1940s raleigh roadster restoration and hello I am jake

JakeMiddleton

Dirt Disciple
Hello people my name is jake, this is my first post and I just registered. My friend petre showed me this forum and it looks like a good place for me to talk about my interest in retro bikes.

This is my first attempt at a restoration, I have built up bikes before from scratch but never tried this. Here is a picture:

http://www.flickr.com/photos/55203562@N ... hotostream

I have been fixing up this old gent and at this point everything is going absolutely fine with the project, except for the headset and the saddle (though finding a new saddle wont be hard). The problem is that the headset cups are rather worn. This isnt something that would stop me riding it once the rest is fixed but if I could fix it it would be great, the only thing is I cant seem to find a source of replacements. I found BB parts and hub spares available on ebay easily but this is proving more difficult.

I was wondering if anyone could direct me to a good source, or if someone has one about.

I will upload pictures of the project as I go. Just waiting for the paint on the frame to dry at the moment
 
Hello and welcome ;)

There is a wee problem with old Raleighs that anyone contemplating a restoration should know. Headset and Bottom Bracket threadings are 26 TPI (Turns Per Inch) not the usual 24 TPI threading of every other manufacturer, blooming Raleigh :roll:

Practical upshot is headset and bottom bracket components that thread to frame and fork have to be Raleigh and that either requires restoring what you've got or attempting to find new or old bits and bobs through the internet. Not a thankless task but not always easy.

'The Old Bicycle Showroom' is a website to look up plus any site dealing with vintage bikes. The Sturmey Archer components are much easier to find as are cottered chainset parts.

Old bikes were not designed for easy disassembly by the home mechanic, punctures were often fixed without removing the wheels as getting the wheel out is a major pain but the old steeds have bags of character so I wish you great success :cool:
 
thanks for the response, I am very aware of the 26 tpi thing, I have 2 26tpi bottom brackets spare that I have picked up here and there but headsets are more difficult to find. I can only assume that seeing as the only down side of a pitted headset is that the bars are very slightly not as smooth to turn that most people just dont bother.
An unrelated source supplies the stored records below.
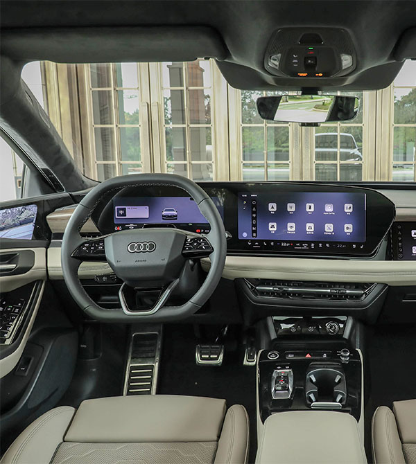 Step inside, and you can clearly feel the 2026 Audi A6L e-tron’s dual upgrade in luxury and technology. The wraparound cabin design creates a strong sense of cocooning the moment you sit in it, while the center console’s “digital stage” is a major highlight—the 14.5-inch Audi MMI panoramic display, the 11.9-inch Audi virtual cockpit, and the 10.9-inch MMI front passenger display work together to create multi-dimensional information interaction. Paired with the new UI/UX interaction system and AI smart home page, the operation feels smooth and lag-free, with a very low learning curve. It is also worth mentioning that the passenger entertainment screen comes with a shutter-style privacy design, so when the front passenger is watching videos or using apps, it will not disturb the driver. This detail is truly thoughtful.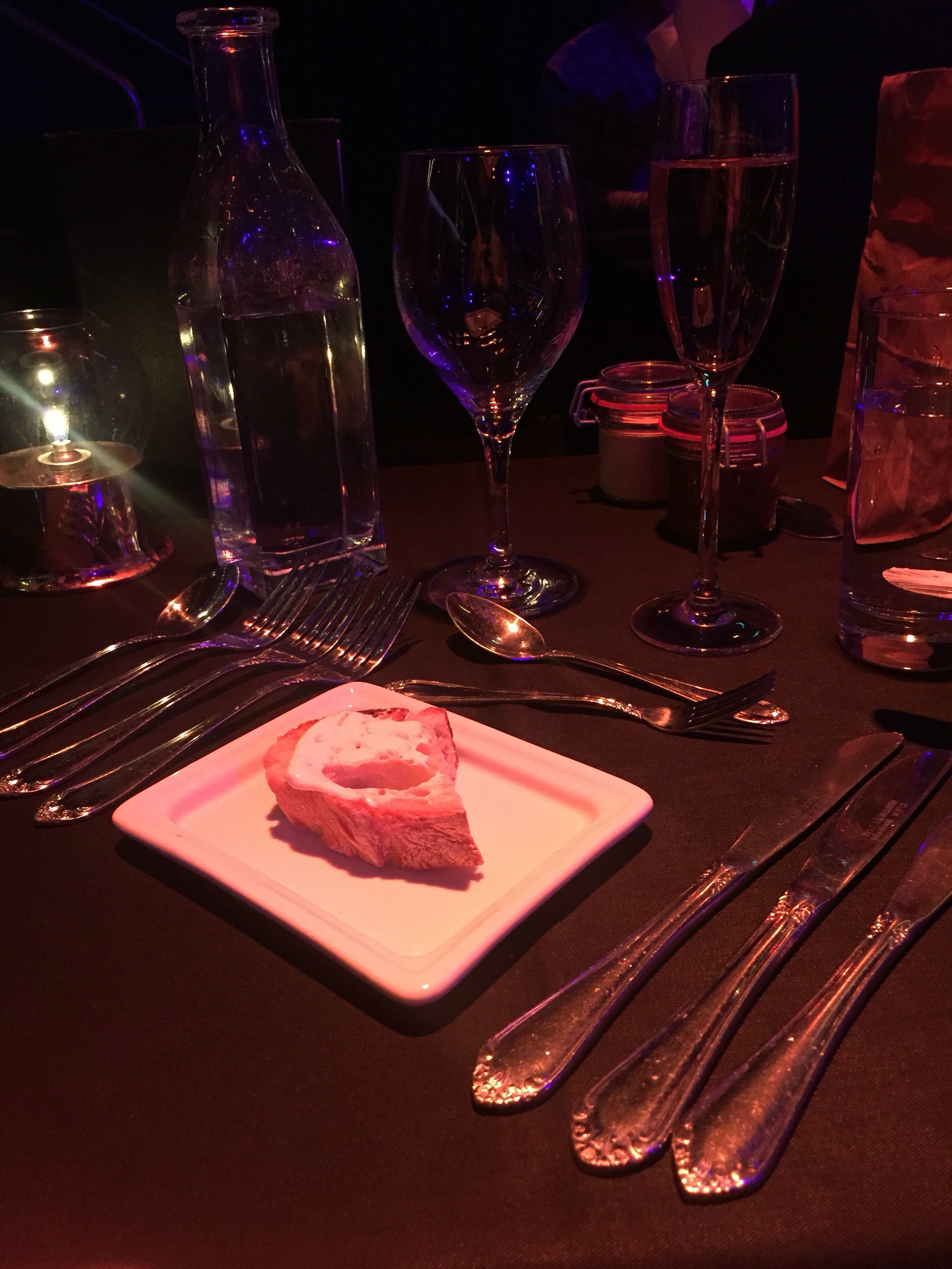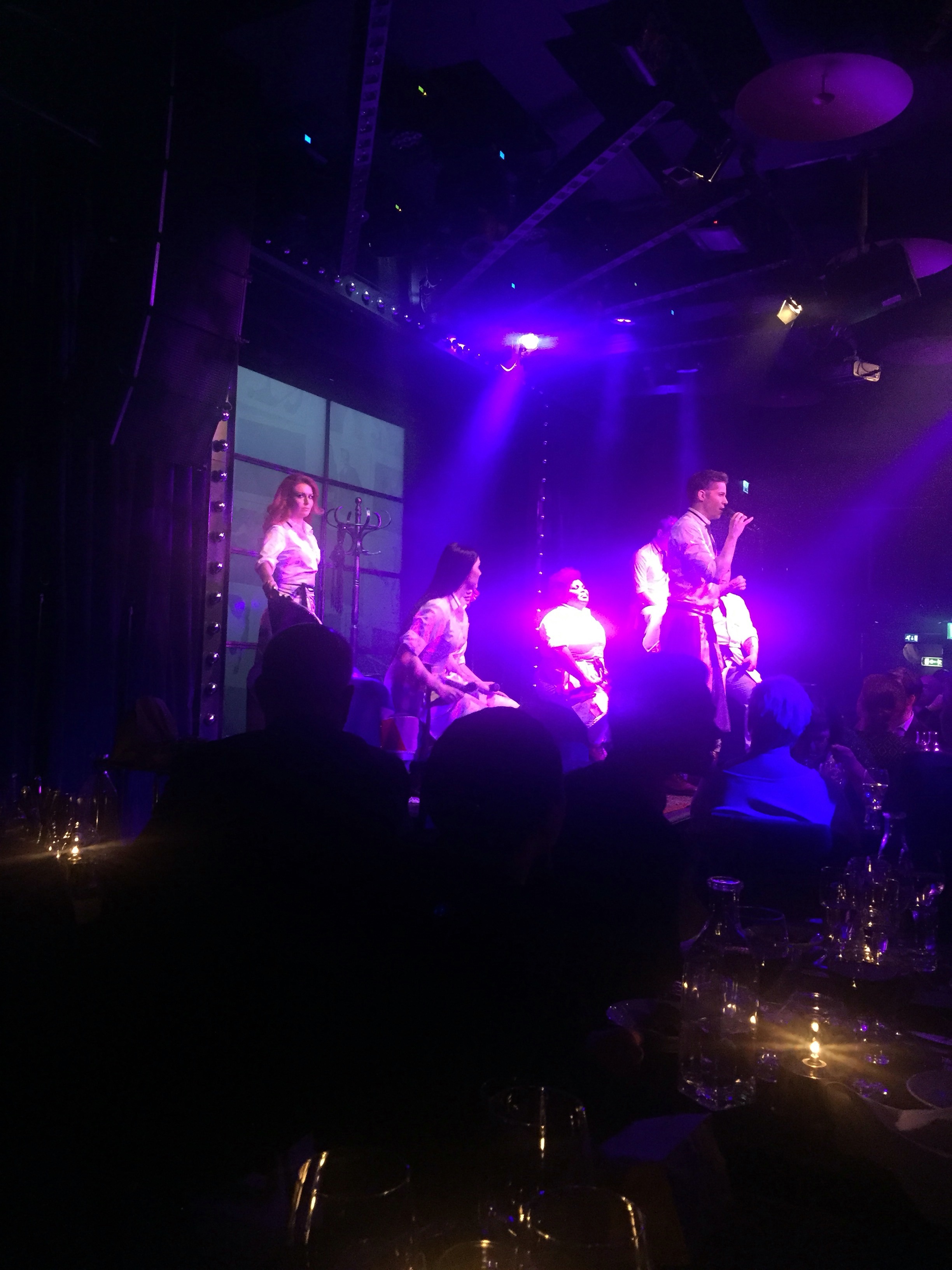 Jag funderar lite på om jag uppfattade det som att föreställningen stegrades. Tror inte det. Stämningen tycker inte jag byggdes upp på samma sätt som matens smaker. Det är så klart svårt att stegra en show som är sönderhackad, men jag tror ändå att det skulle gå att skruva till det lite till. Scenkläderna tycker jag att de gärna får ses över. Lite regi hade inte skadat. Det blev lite för många ”fasta” situationer. Det kändes som att gänget var osäkert och därför inte bjöd på sig själv på rätta sättet. Jag fick en fem-sex tankar på hur det kunde göras bättre.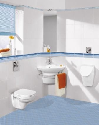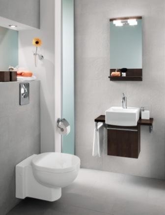 Umývátko s překvapivě velkou odkládací plochou doslova vyplní každičký roh a růžek. Umyvadlo a toaletu a je možné pohodlně umístit i do koupelny s rozměrem jednoho metru čtverečního. Umyvadlo nabízí vhodnou odkládací plochu, kterou doplňuje zabudovaná polička v krytu sifonu. Promyšlený kompaktní nábytkový program se skládá s nástěnné poličky, rohové skřínky, krytu umyvadlového odpadu s integrovanou poličkou a zrcadla. Nábytek z ušlechtilé oceli nebo antracitově zbarveného kovu působí velmi moderním a vzdušným dojmem. (Villeroy&Boch)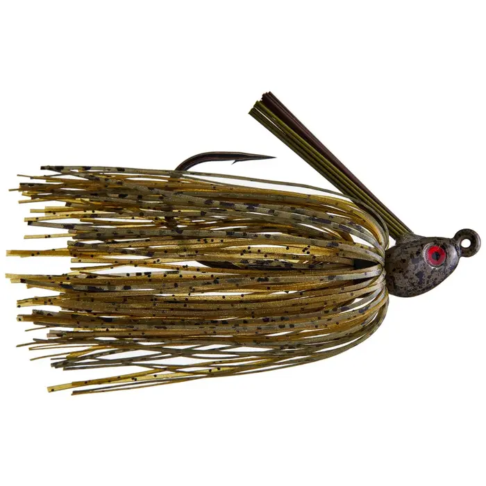 With a streamlined, baitfish-like design and a forward-weighted head, the Dirty Jigs Compact Swim Jig excels with the Alabama Shake technique. Equipped with a sharp 4/0 Gamakatsu hook, it’s built tough for braided lines to tackle big fish in dense cover. Offered in multiple colors and sizes to mimic local prey, each jig includes a wire bait keeper to secure soft plastic trailers and lifelike 3D eyes for a realistic look, making it a go-to for triggering strikes from wary, hard-to-catch fish.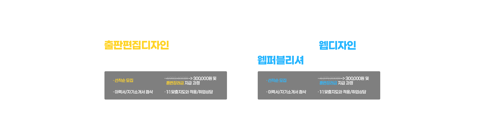 김정원, 김도경 취업생다른 교육과정 이후에 심화 과정에 대한 필요성을 인지해서 관련 교육을 찾아보다가 하이미디어의 교육과정을 확인해보니 포르폴리오 중심의 커리큘럼에서 많은 도움을 받을 수 있을것 같아 선택하게 되었습니다. -

I would agree that these things are not designed for home maintenance and if I had a weird shaped spannar for every headset-bottom bracket-whatever whakit there is I would have about 5 wrenches with no other purpose. I have found in every case though a hammer and punch is fine so have got on swimmingly :)
 
Here is what it is looking like so far:

http://www.flickr.com/photos/55203562@N ... /lightbox/


surprising how superficial the rust actually was. some emery and a wire brush and it was fine, I painted it satin black with halfords paint and rust inhibiting primer. The finish is quite nice and to be honest I dont really want to put any laquer on it now that it looks like this. Luckily for me these bikes are painted on the inside too so i am not worried about rust damage inside the tubes :)

The brake 'stirrups' were also painted black oddly, the seller listed it as a 40s bike, I seem to remember reading chrome was a 'strategic material' in ww2 and thus not available to civilians. Perhaps this blacking is a war thing?
 
Thats looking blooming good. A bit of gold pinstriping and some decals and it'll be fab ;)

I inherited a 1947 Raleigh Sportster but it was alas too far gone to be worth fixing up but had several war time features. No chrome bar the brakes, everything was painted black with war pattern tyres. Did have a top tube mounted shifter for the SA hub though which was a nice 30's feature. I got the impression it was an early post war parts bin special using bits from before the war.
 
I think you have done a great job, although roadster bikes were never my favouites. (I used to repair them) This looks like a composite of perhaps 2 bikes. The front wheel could belong, but not many of this type would have had a dynohub. The rear wheel is the Raleigh dual purpose, and would have a date on the hub shell. The large cog could have been fitted later, but is on a driver with a circlip which must be later than the rest of the bike. The headset is pre 1948, and the chainwheel from early post war, but the handlebars are chrome.
Antway, a great job, I still hate them. (I sold Raleighs in the 1950's)
 
If the treaded bits are fine then get new cups machined up. I did this for an old PO bike last christmass. Worked a treat.

Also Able Baker cycles in Bishop stortford might have the parts you require.